= Data for this exercise =
=====

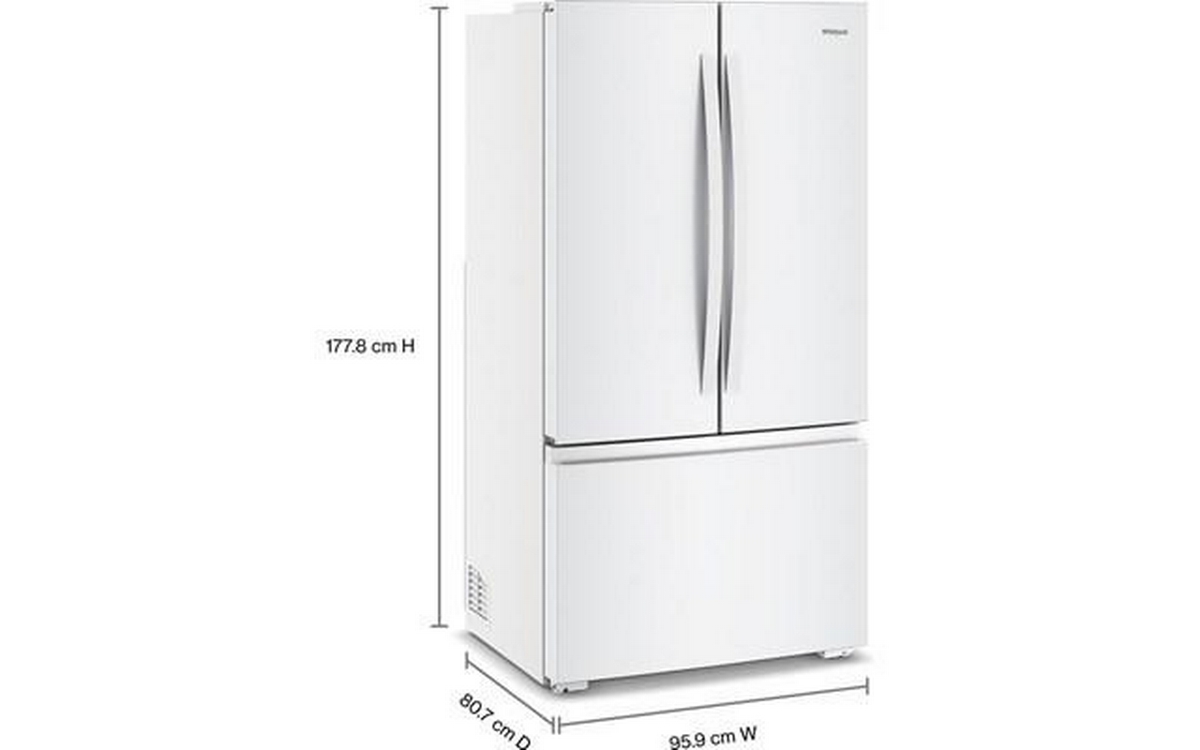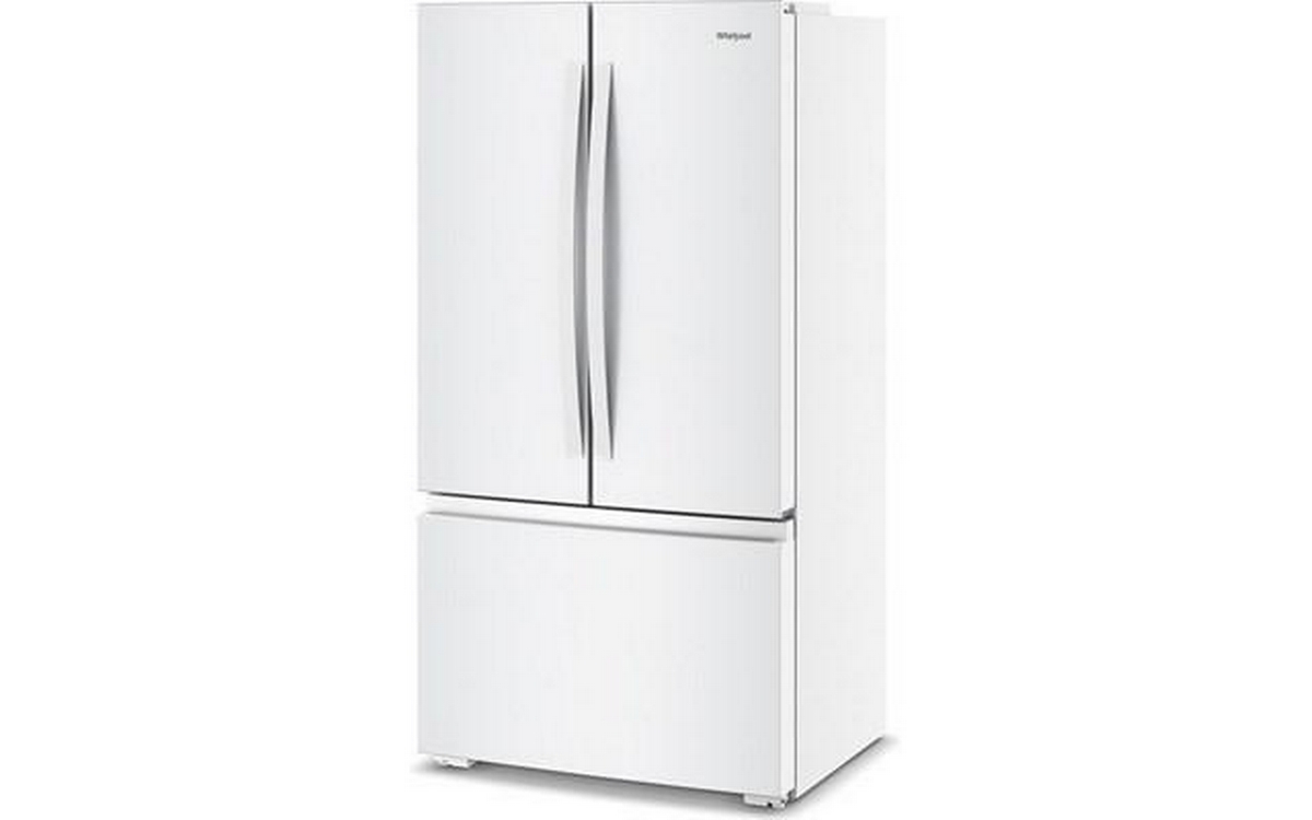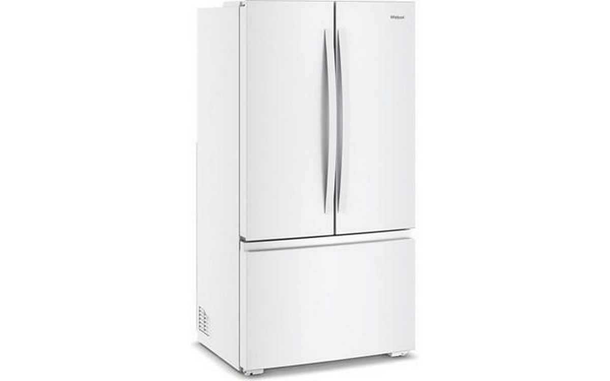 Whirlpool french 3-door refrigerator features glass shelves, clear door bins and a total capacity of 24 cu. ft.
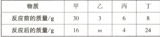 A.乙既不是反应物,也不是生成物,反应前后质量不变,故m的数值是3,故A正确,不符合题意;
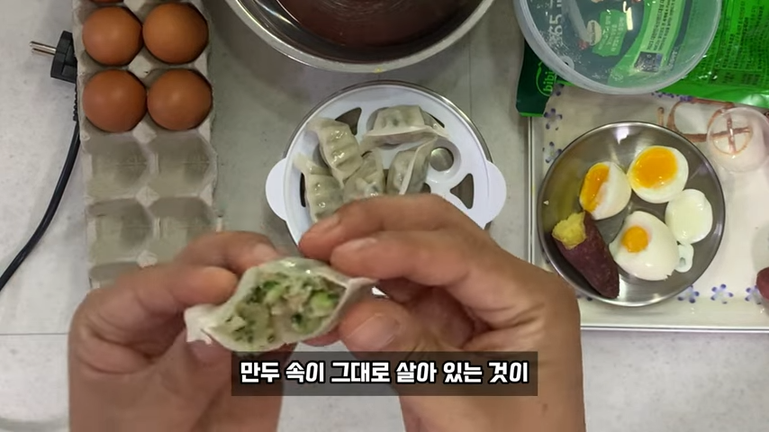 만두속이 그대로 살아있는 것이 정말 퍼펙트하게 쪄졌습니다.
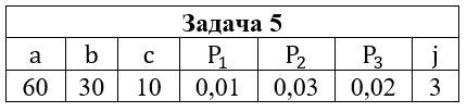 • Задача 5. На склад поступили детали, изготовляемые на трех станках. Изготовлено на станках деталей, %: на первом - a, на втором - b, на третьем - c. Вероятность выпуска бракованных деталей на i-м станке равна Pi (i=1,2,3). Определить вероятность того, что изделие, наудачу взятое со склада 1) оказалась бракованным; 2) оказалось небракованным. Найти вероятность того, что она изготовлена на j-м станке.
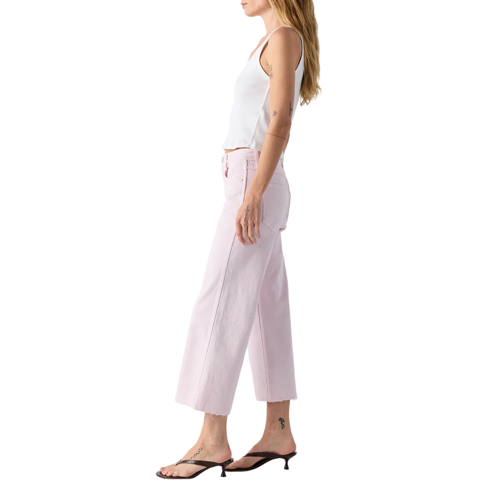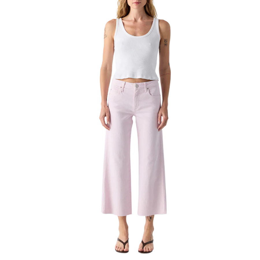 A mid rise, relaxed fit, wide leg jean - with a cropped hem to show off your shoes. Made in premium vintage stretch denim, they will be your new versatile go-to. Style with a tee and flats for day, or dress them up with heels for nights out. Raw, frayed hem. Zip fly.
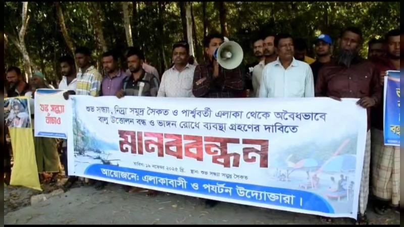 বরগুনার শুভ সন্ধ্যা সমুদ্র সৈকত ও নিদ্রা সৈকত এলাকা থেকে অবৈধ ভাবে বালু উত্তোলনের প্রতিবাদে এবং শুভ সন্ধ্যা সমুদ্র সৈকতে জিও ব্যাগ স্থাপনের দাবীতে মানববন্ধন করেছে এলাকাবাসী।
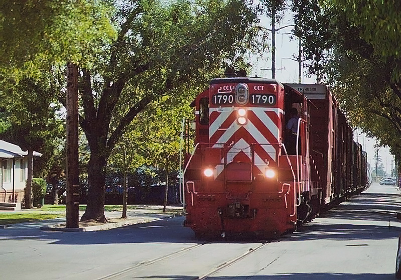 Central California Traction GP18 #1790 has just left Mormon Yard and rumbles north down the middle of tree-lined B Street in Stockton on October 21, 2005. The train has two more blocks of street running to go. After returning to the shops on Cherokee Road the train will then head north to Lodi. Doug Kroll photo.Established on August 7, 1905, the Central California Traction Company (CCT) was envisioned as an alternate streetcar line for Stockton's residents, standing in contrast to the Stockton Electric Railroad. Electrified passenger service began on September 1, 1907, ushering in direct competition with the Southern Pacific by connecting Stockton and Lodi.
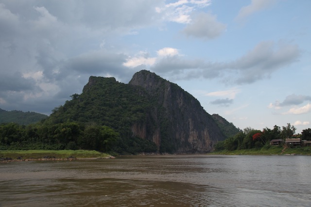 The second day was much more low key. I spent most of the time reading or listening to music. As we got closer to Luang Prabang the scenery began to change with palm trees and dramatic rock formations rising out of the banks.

=====

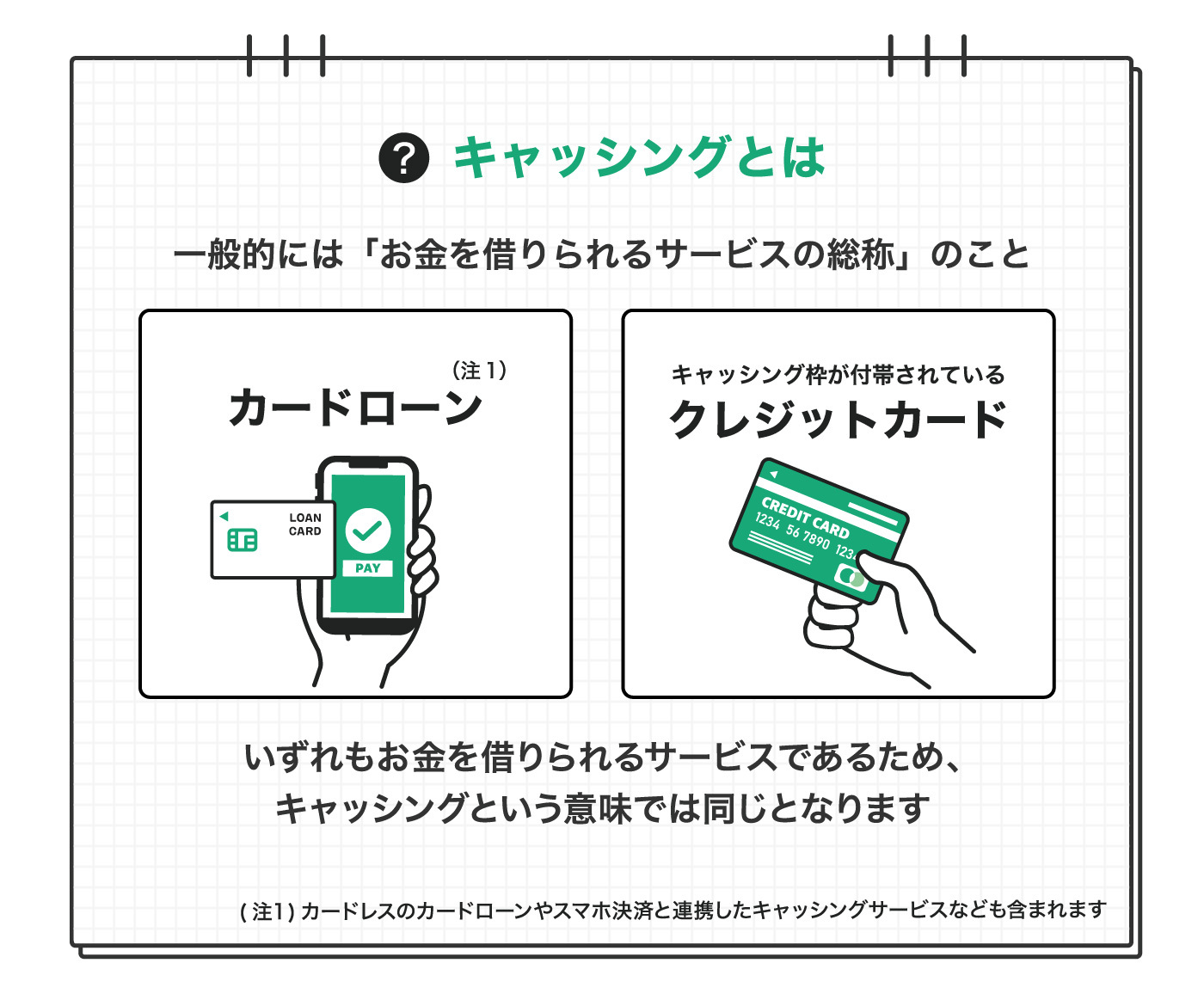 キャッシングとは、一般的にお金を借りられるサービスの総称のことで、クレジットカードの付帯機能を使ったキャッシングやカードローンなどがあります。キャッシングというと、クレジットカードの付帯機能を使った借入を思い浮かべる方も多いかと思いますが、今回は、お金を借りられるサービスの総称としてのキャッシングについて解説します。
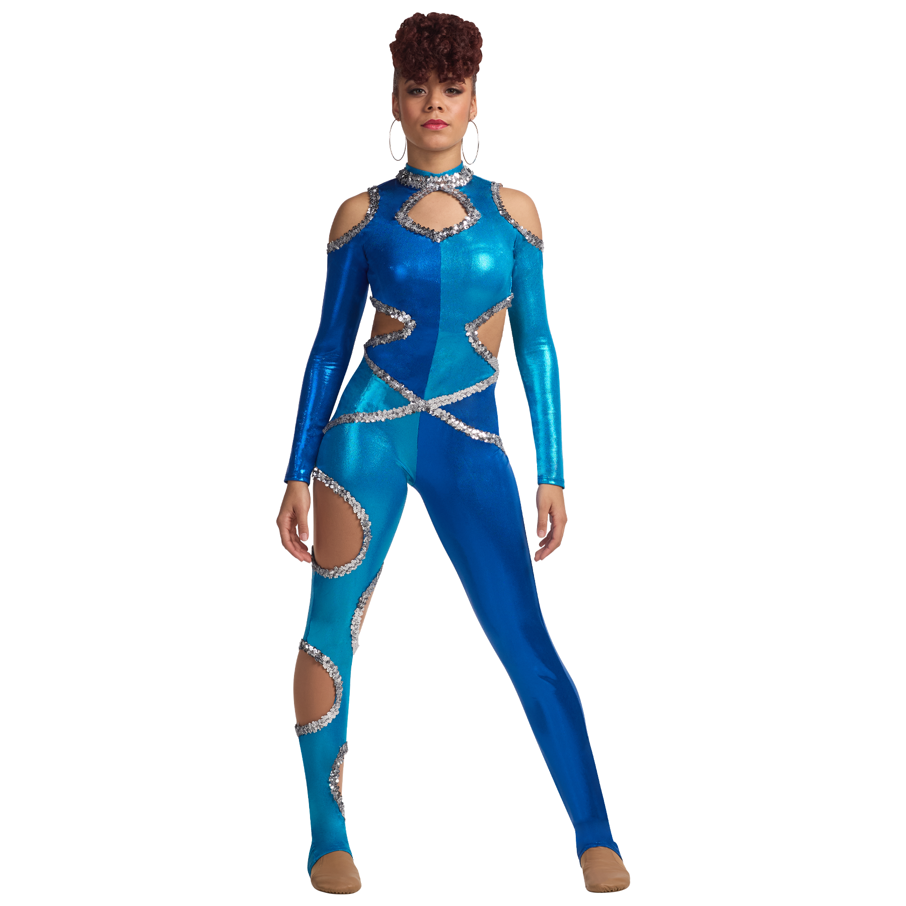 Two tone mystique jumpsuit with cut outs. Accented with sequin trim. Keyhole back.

=====

Both the line containing "만두속이 그대로 살아있는 것이 정말 퍼펙트하게 쪄졌습니다." and the line containing "на j-м станке." above belong in the output, as do the lines between them. Print them exactly, without pictures.

 만두속이 그대로 살아있는 것이 정말 퍼펙트하게 쪄졌습니다.
 • Задача 5. На склад поступили детали, изготовляемые на трех станках. Изготовлено на станках деталей, %: на первом - a, на втором - b, на третьем - c. Вероятность выпуска бракованных деталей на i-м станке равна Pi (i=1,2,3). Определить вероятность того, что изделие, наудачу взятое со склада 1) оказалась бракованным; 2) оказалось небракованным. Найти вероятность того, что она изготовлена на j-м станке.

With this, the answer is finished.